SternisheFan sends this quote from ZDNet: "Mozilla has opened its Firefox Marketplace, with Android device owners and developers getting the first access to the browser's app store. The access arrived on Thursday, in the release of the latest 'Aurora' build of Firefox for Android. Aurora is meant for developers and early adopters, as it is the test stream of Mozilla's browser. The storefront lets people find and install web applications delivered via the browser, and gives developers a place to publicize their apps. 'We're hoping that Aurora users, our awesome early adopters, will go experience the Firefox Marketplace on their Android phones and let us know what they think,' Mozilla Labs engineering manager Bill Walker said in a blog post. 'Our goal is to collect as much real-life feedback as possible about the Marketplace's design, usability, performance, reliability, and content.' ... Mozilla said it expects to follow with a Marketplace for the Firefox browser beta and Firefox OS launches next year."

3 of 74 comments (clear)

  1. If only... by Andy+Prough · · Score: 4, Funny

    If only Firefox worked with the several hundred million smart phones and tablets running the older versions of Android, then this would be about 1000% more useful. I can watch TV and movies on my Samsung Android phone, I can stream all kinds of music, I can run my desktop computer remotely from it, I can learn to speak and write Chinese, and I can make free international phone calls on it via my Vonage account. But I can't run the Firefox browser. I would say "WTF is your problem Mozilla???", but that just seems so unprofessional.

  2. The "App"ification of Everything Continues by GerbilSoft · · Score: 4, Insightful

    Now that any generic webpage can be considered an "app", how long will it take before everything's an "app"? Photos? Apps. Videos? Apps. USB cables? They're no longer USB cables, they're "app cables". Heck, drop the cables - they're just "apps" too.

    Besides that point, most of these so-called "apps" are worthless. I remember a time when Apple fans used to proudly proclaim that even though there was less software on the Mac platform, they were higher quality than Windows programs. Now that the iPhone has hundreds of thousands of apps, quality doesn't matter anymore.

    At least Firefox hasn't gone full Windows 8 and reduced everything to 16 colors (yet)...

  3. Re:Hey Mozilla by sl4shd0rk · · Score: 4, Insightful

    You're doing a halfassed job of writing your flagship browser at the moment.

    Well, considering the alternatives, I'd say they're doing OK:
    IE) is and always has been an application supporting only bastardized version of the HTML standard and focused on adoption of M$ proprietary extensions/standards.

    Opera) Closed source and Ad-ridden.

    Chrome) All your Web belong to Google. Dubious "Sandboxed" native code execution.
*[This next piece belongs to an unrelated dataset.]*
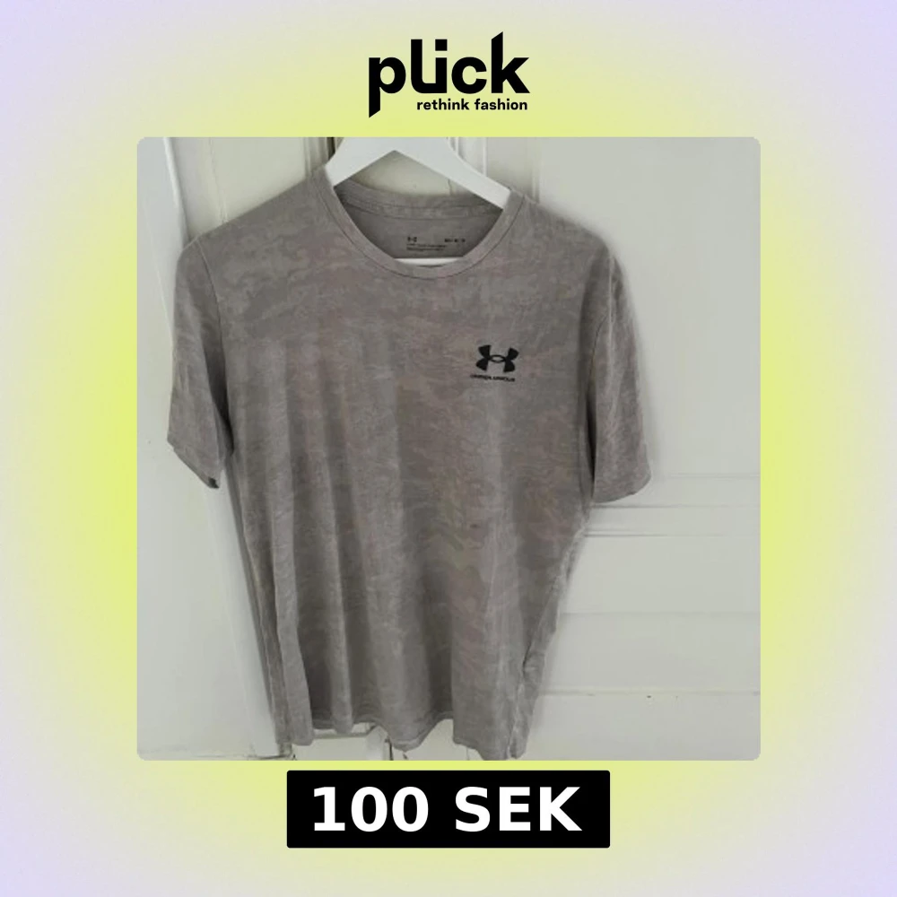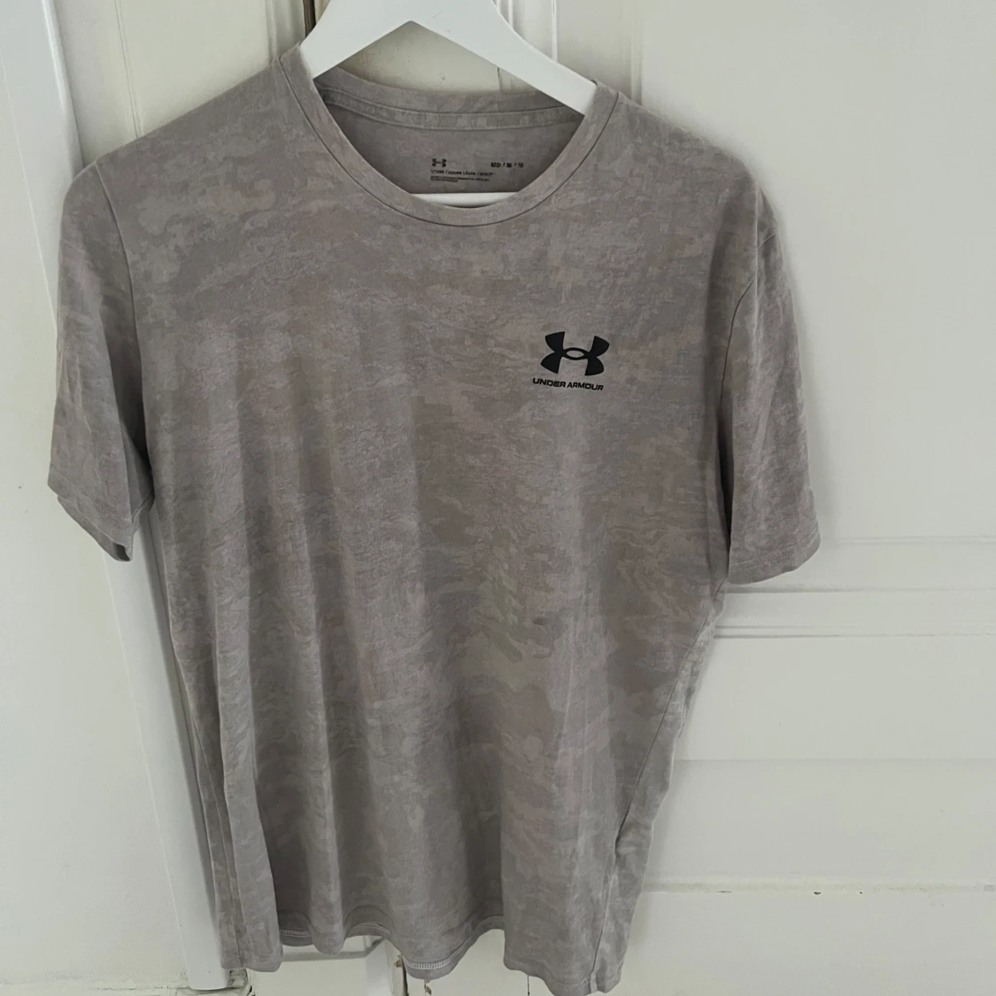 Snygg grå t-shirt från Under Armour med diskret camo-mönster och svart logga på bröstet. Klassisk rund hals och korta ärmar. Perfekt för dig som gillar sportig och stilren look. Lite lätt missfärgad om man kollar noga

    Konqueror/Rekonq) Seems to work sometimes.

    Given the alternatives, I don't see Firefox doing anything egregious. In fact, their efforts are laudable. They make an effort to maintain an open-source product that you can download for free. The Mozilla offerings are probably the least suspect when it comes to privacy issues. Mozilla has their fair share of bugs, but honestly a lot of the complaining I read about Firefox is due to misbehaving plugins as well as users not understanding their system resources.

    Maybe I live under a rock but the Mozilla products work great for me. Can you point out some factual information behind your rant? If One of the other offerings are far superior I'd really be interested.